Ultrasound re­places heat

The key to the new process is ul­tra­sound. These are sound waves above the range of hu­man hear­ing.

In our sys­tem, a small metal de­vice called a trans­ducer presses against the side of a tra­di­tional espresso bas­ket and makes it vi­brate rapidly. Those vi­bra­tions move through the wa­ter and cof­fee grounds.

This cre­ates a phe­nom­e­non known as acoustic cav­i­ta­tion. Tiny bub­bles form and col­lapse in the liq­uid.

When these bub­bles col­lapse near cof­fee par­ti­cles, they pro­duce mi­cro­scopic jets and forces that act a lit­tle like scrub­bing brushes. They pit and frac­ture the sur­face of the cof­fee grounds, help­ing flavour com­pounds, oils and caf­feine move into the wa­ter much faster than they nor­mally would at room tem­per­a­ture.

In other words, ul­tra­sound helps us re­place heat with me­chan­i­cal en­ergy.

Water, grind and time

This is not the same as cold brew. Cold brew is usu­ally made by steep­ing cof­fee in cold wa­ter for 12 to 24 hours. It tends to be smooth, mel­low and much less con­cen­trated than espresso. In ear­lier work, we used ul­tra­sound to speed up cold brew dra­mat­i­cally.

But the chal­lenge in this pro­ject was dif­fer­ent: could we pro­duce some­thing with the strength, body and in­ten­sity of espresso, with­out heat­ing the wa­ter?

To do that, we ad­justed sev­eral vari­ables. Brew ra­tio was one of the most im­por­tant: how much wa­ter we used for each gram of cof­fee. Too much wa­ter and the drink be­comes di­luted; too lit­tle and ex­trac­tion be­comes dif­fi­cult.

Grind size also mat­tered. Finer grounds al­lowed us to ex­tract flavour more rapidly. Finally, we tested how long the ul­tra­sound should be ap­plied. We found the sweet spot was about two-and-a-half to three min­utes.

The taste test

Of course, mak­ing a con­cen­trated cof­fee in the lab­o­ra­tory is one thing. The real test is whether peo­ple want to drink it.

So we ran a blind eval­u­a­tion with around 100 reg­u­lar cof­fee drinkers. They were not trained judges; they were every­day con­sumers who drink cof­fee at least once a week.

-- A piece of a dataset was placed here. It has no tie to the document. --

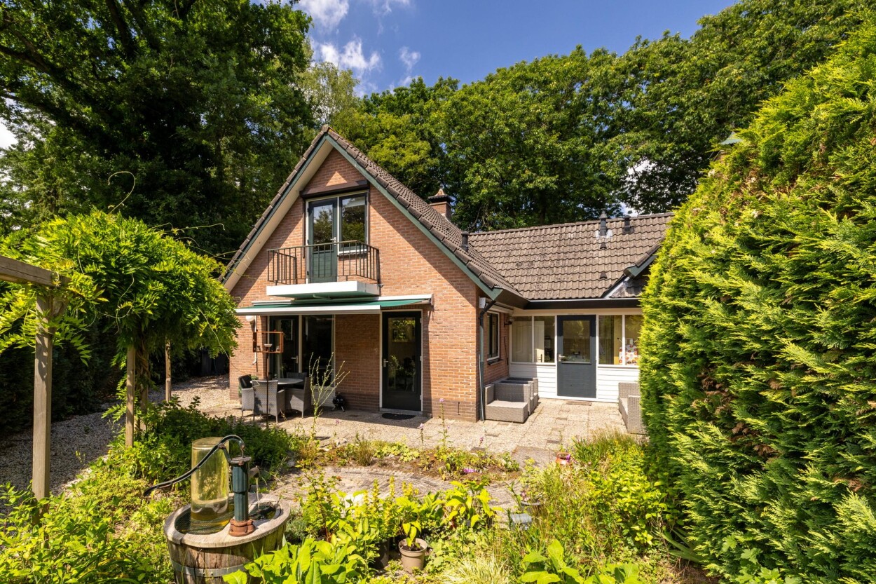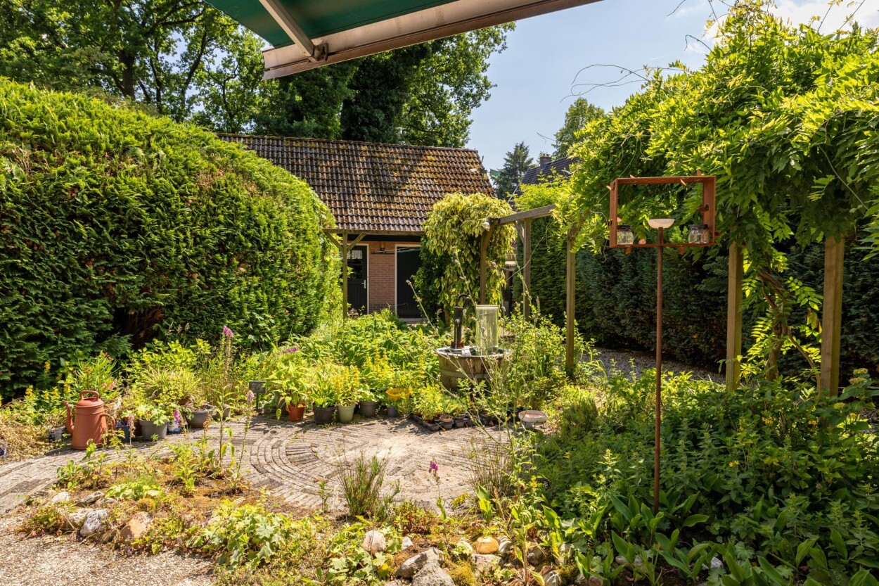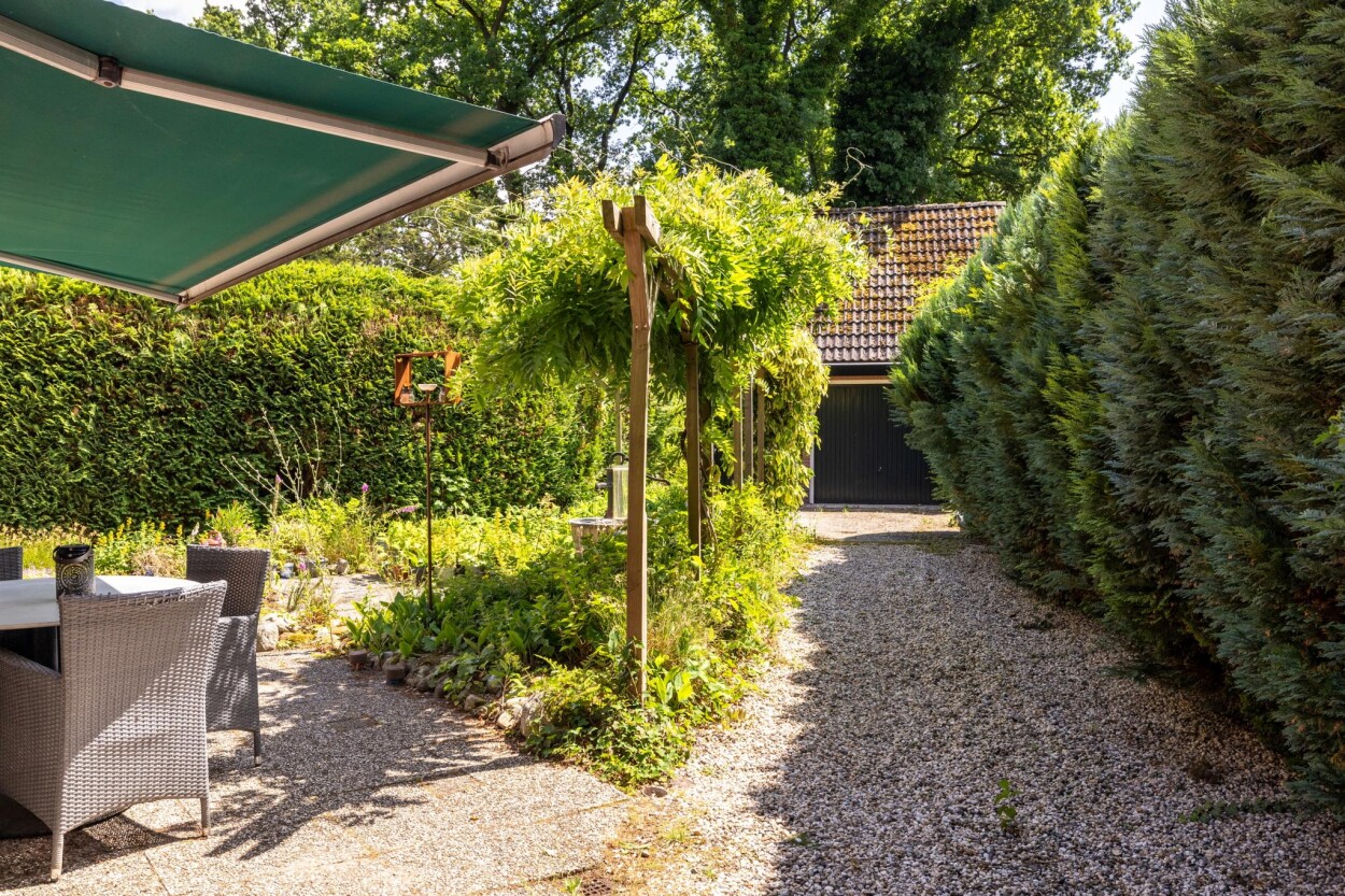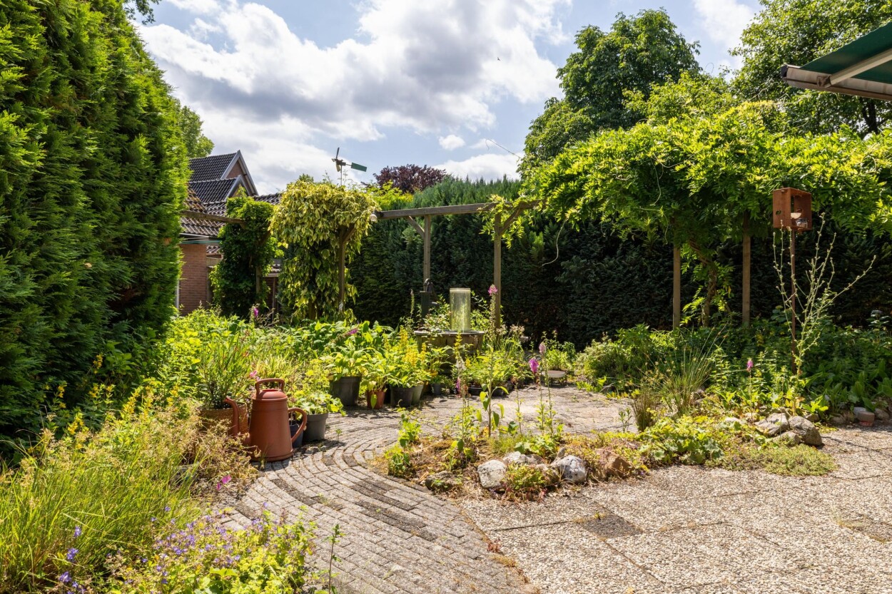 Voor de woning ligt een diepe bostuin met een oprit voor meerdere auto’s. Achter de woning ligt een besloten achtertuin met terras met veel privacy en kleine vijverpartij.

We served them four cof­fees in iden­ti­cal cups: tra­di­tional espresso, ul­tra­sound-brewed espresso, tra­di­tional fil­ter cof­fee and ul­tra­sound-brewed fil­ter cof­fee. All were freshly pre­pared, cooled to the same tem­per­a­ture and pre­sented in ran­dom or­der.

For the espresso sam­ples, par­tic­i­pants could not re­li­ably tell the tra­di­tional and ul­tra­sonic ver­sions apart. There were no sig­nif­i­cant dif­fer­ences in aroma, flavour, bit­ter­ness or over­all lik­ing. For fil­ter cof­fee, the ul­tra­sound ver­sion was ac­tu­ally pre­ferred over­all, with par­tic­i­pants rat­ing its bit­ter­ness more pleas­antly.

Those re­sults show espresso may not need to be­gin with hot wa­ter af­ter all. By us­ing sound waves to shake the cof­fee grounds, we were able to cre­ate the same rich­ness, body and in­ten­sity, but with far less en­ergy.